Well, the physician then asked, had there ever been a transfusion?

They remembered the stillbirth in 1981 of Martin Shin Gaffney. After the Cesarean procedure, Mrs. Gaffney suffered an infection and lost blood. She received two units of blood.

"AIDS" was barely a murmur in the national vocabulary of 1981. Where it existed at all, testing for AIDS was primitive, and far from accurate.

In response to Gaffney's complaint, the Navy in 1986 located the two donors. One tested negative. The second refused to be tested. In a letter from Rear Adm. J. S. Cassells, then the commander of the U.S. Naval Medical Command, Gaffney learned that the latter donor had been "separated" from the Marine Corps "due to homosexual acts."

Privacy restrictions prevented disclosure of that donor's name, the government told Gaffney. But when he finally received records of the matter, "they'd done a bad job," Gaffney said. "They blotted his name out in some places, but not in others."

Eventually, Gaffney said he was able to speak to the donor's lawyer.

"Both the lawyer and the donor expressed their sincerest sympathies," Gaffney said. "But he said he wouldn't be tested."

Without "medical negligence" while Mutsuko Gaffney was carrying her first child, the Gaffneys' suit maintains, the questionable transfusion would never have been necessary.

Taking the stand as the first witness, Martin Gaffney described how he met his Japanese-born wife while he was stationed on Okinawa.

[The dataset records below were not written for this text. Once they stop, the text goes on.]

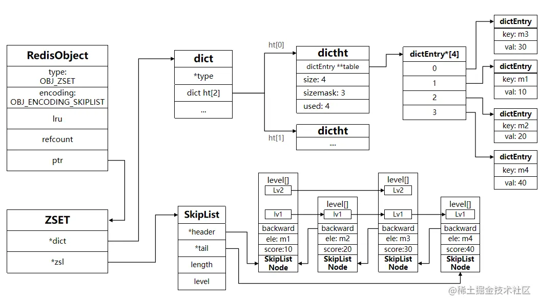 | OBJ_ZSET | ZipList、HT、SkipList |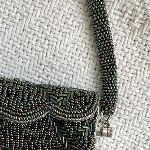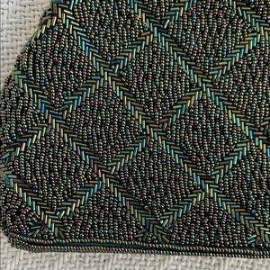 Chic dark green, vintage beaded design with a scalloped edge. Perfect condition. No label. Beautiful beading work.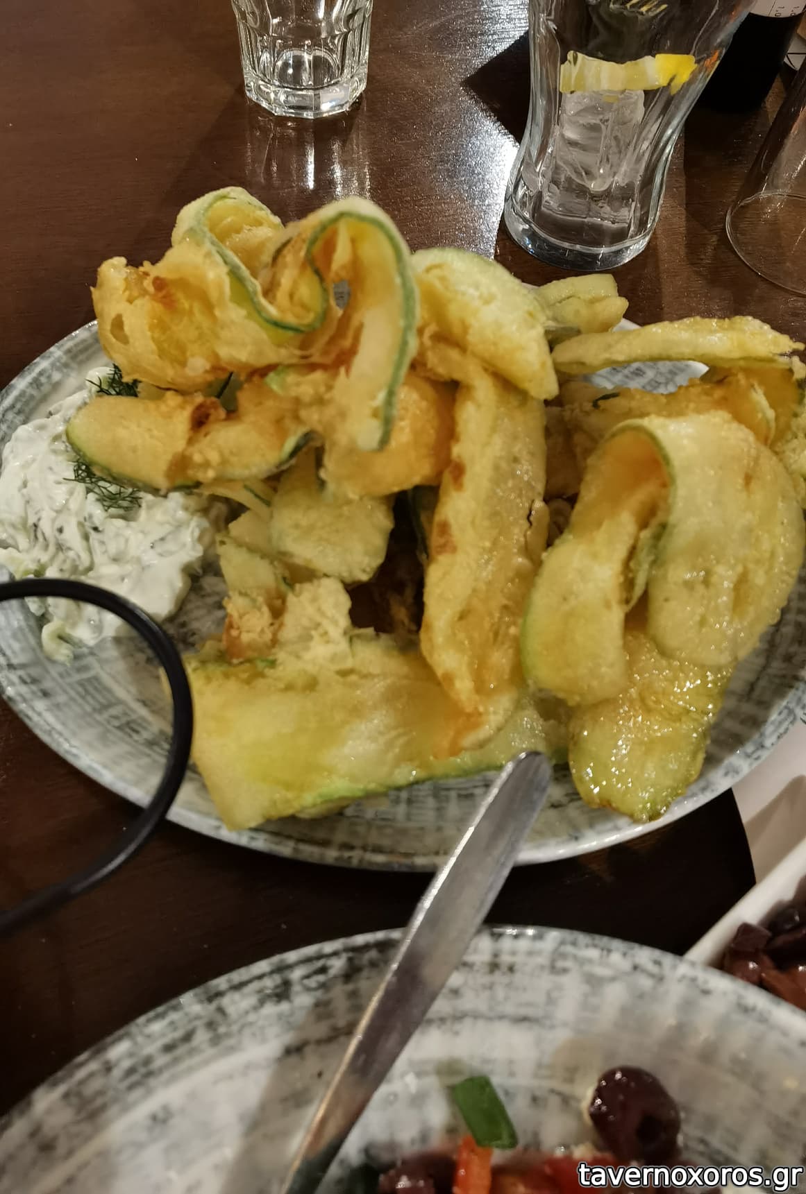 Κολοκυθάκια τηγανητά (χάλια, πέρα ότι σερβιρίστηκαν κρύα δεν τα στράγγιξαν καθόλου)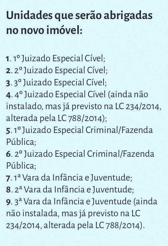 Ainda constam as justificativas pela mudança, como a necessidade de criação de algumas Varas que não caberiam no atual prédio e o fato de haver Varas funcionando em imóveis alugados.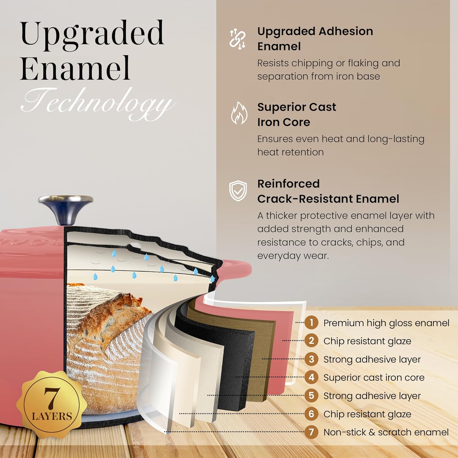 Nuovva Enamelled Cast Iron Dutch Oven Pot with Lid 6.4 Quart Non Stick Casserole Pot – Heavy Duty & Oven Safe up to 500° F for Bread Baking, Braising, Stews, Roasting – 28cm Pink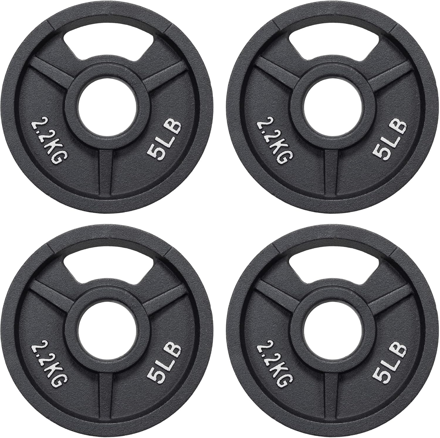 Fitvids Standard Cast Iron 1-Inch Weight Plate for Strength Training & Weightlifting, Multiple Weights Available, 5LB (Set of 4)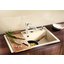 Ширина изделия — 80 см. Врезная конструкция и монтаж над столешницей позволяют защитить мебель от капель воды. Глубина чаши достигает 19 см: благодаря таким габаритам в мойке легко размещается самая крупная посуда, противни, продукты большого размера. В задней части имеется широкая площадка под смеситель, где можно разместить все необходимое для мытья посуды: моющее средство, губки и т.п.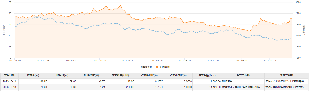 今日大宗交易成交212万股,成交额1.52亿元,占当日总成交额的24.64%,成交均价71.64元,较市场收盘价折价20.04%,其中最高成交价88.97元,最低成交价70.6元。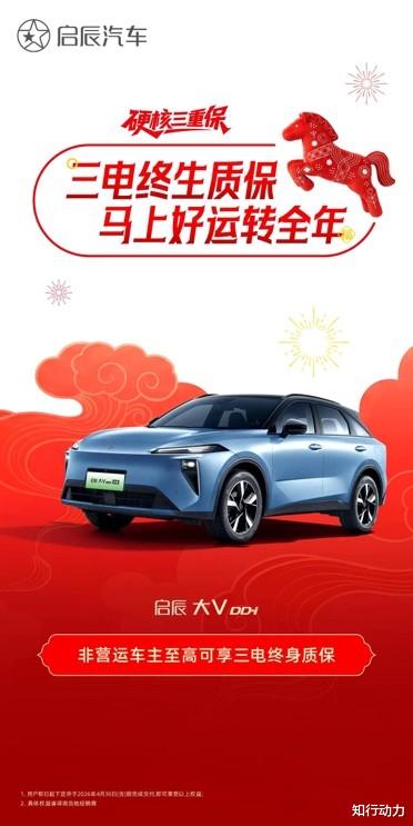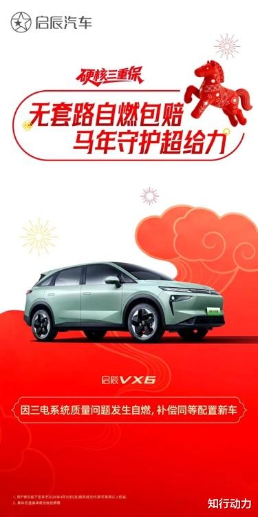 本次政策适用于启辰VX6(不含2026款启辰VX6长续航畅行版、标准续航畅行版)及启辰大V DD-i虎鲸车型,用户需在2026年3月1日至4月30日期间下订并完成交付即可享受。三电终身质保及自燃包赔具体细则,可参阅详细服务单或咨询当地经销商。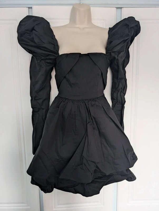 The ASOS Luxe Cotton Sateen Skater Mini Dress in Black is available in sizes S.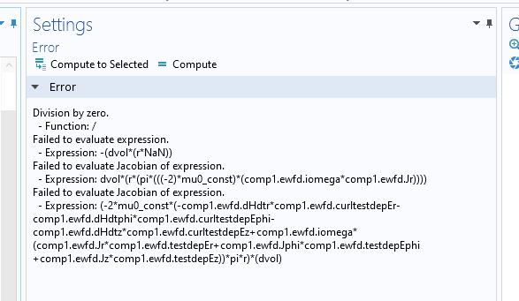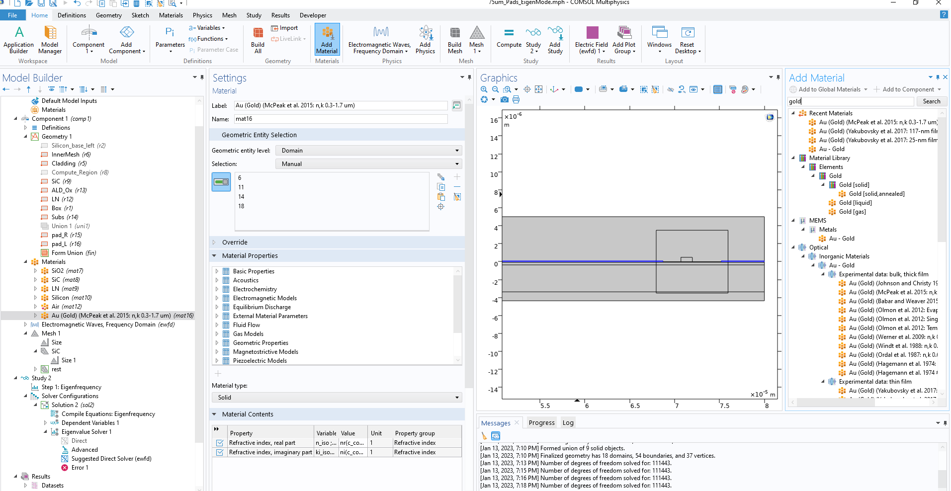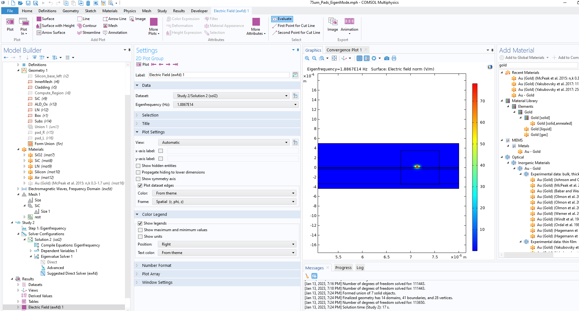 Hi, I am trying to simulate the loss effect on the optical mode of a ring resonator when metal electrodes are kept next to it. For this I built an axis symmetry model, with eigen frequency analysis study. My intention is to find the eigen frequencies and observe the imaginary part to get an estimate for the metal/electrode induec loss Now without the electrode material/metal pads, my simulation has been running fine producing the modes. Since my goal is to use Au/gold for electrodes, I used the gold material from the library of the materials available under "Optical-> Inorganic materials -> Au". With the introduction of this material to the simulation, I get the Jacobian error. Assuming that the thinking process is correct, what could be the cause for this error?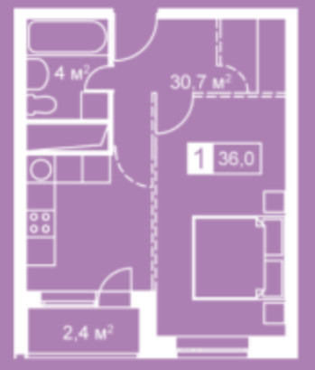 Общая площадь 36 м2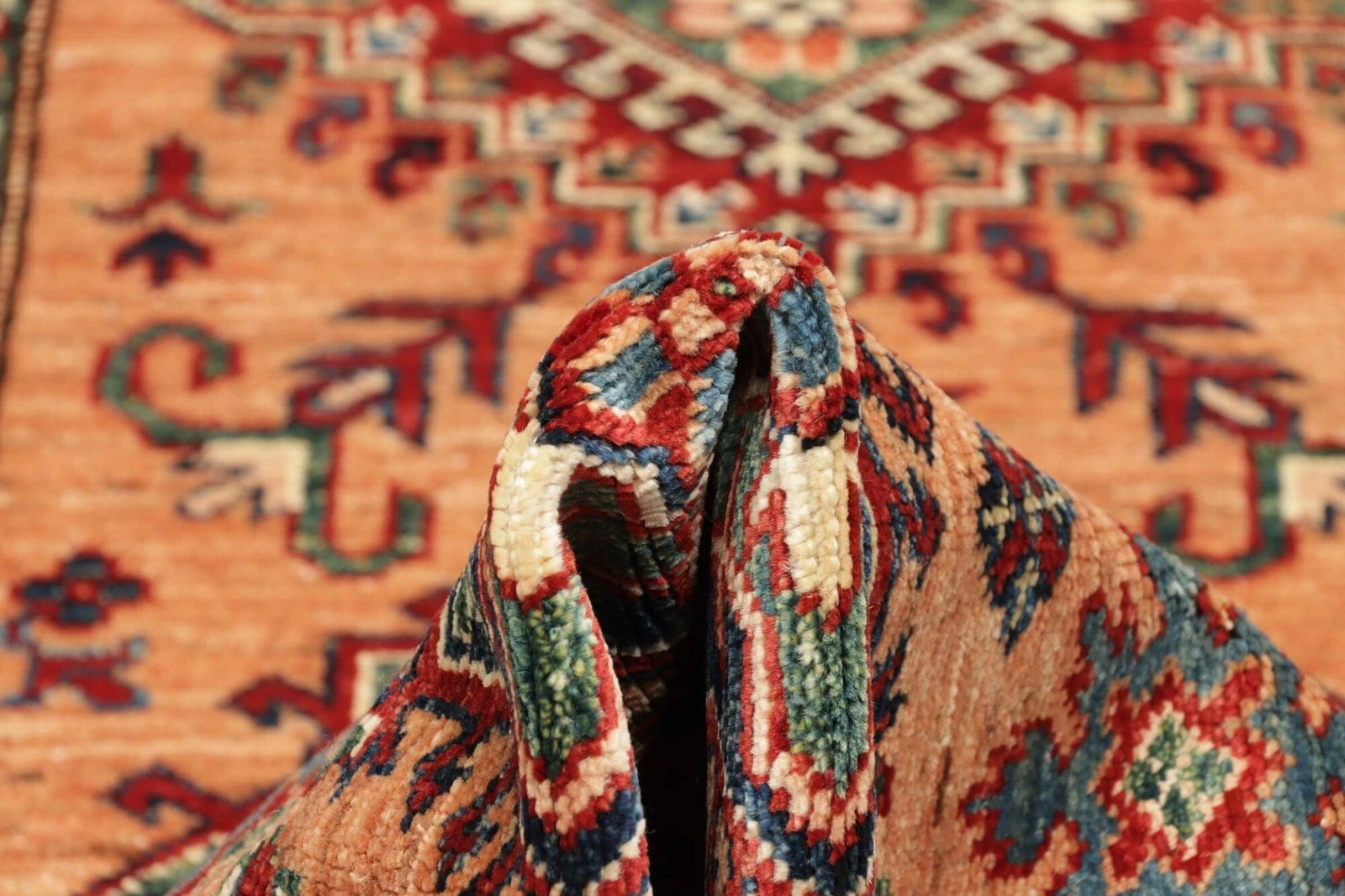 Darüber hinaus vermitteln die kräftigen Farben des Teppichs, die typischerweise aus natürlichen Pflanzenstoffen gewonnen werden, ein Gefühl von Wärme und Behaglichkeit. Diese Eigenschaften machen den Kazak Teppich äußerst vielseitig einsetzbar – ob im Wohnzimmer, Schlafzimmer oder auch in Eingangsbereichen, er wertet jeden Raum auf und lädt zum Verweilen ein.

She was two months pregnant when they were married.

An otherwise uneventful pregnancy dragged into its 42nd week, two weeks past the normal 40-week gestation. Gaffney testified that Dr. John Yeast, head of the Long Beach Naval Hospital's obstetrics unit, advised no intervention.

"He said they like to let things happen naturally, for nature to take its course," Gaffney said.

At the end of her 44th week of pregnancy, Mrs. Gaffney went to the hospital, complaining of labor pains. "The nurse said it was a false alarm and to go home," Gaffney related.

Two days later, on Sept. 21, 1981, the Gaffneys once again rushed to the hospital. This time, a doctor examined Mrs. Gaffney and told her the baby was dead. The dead child delivered by Cesarean section weighed 11 pounds.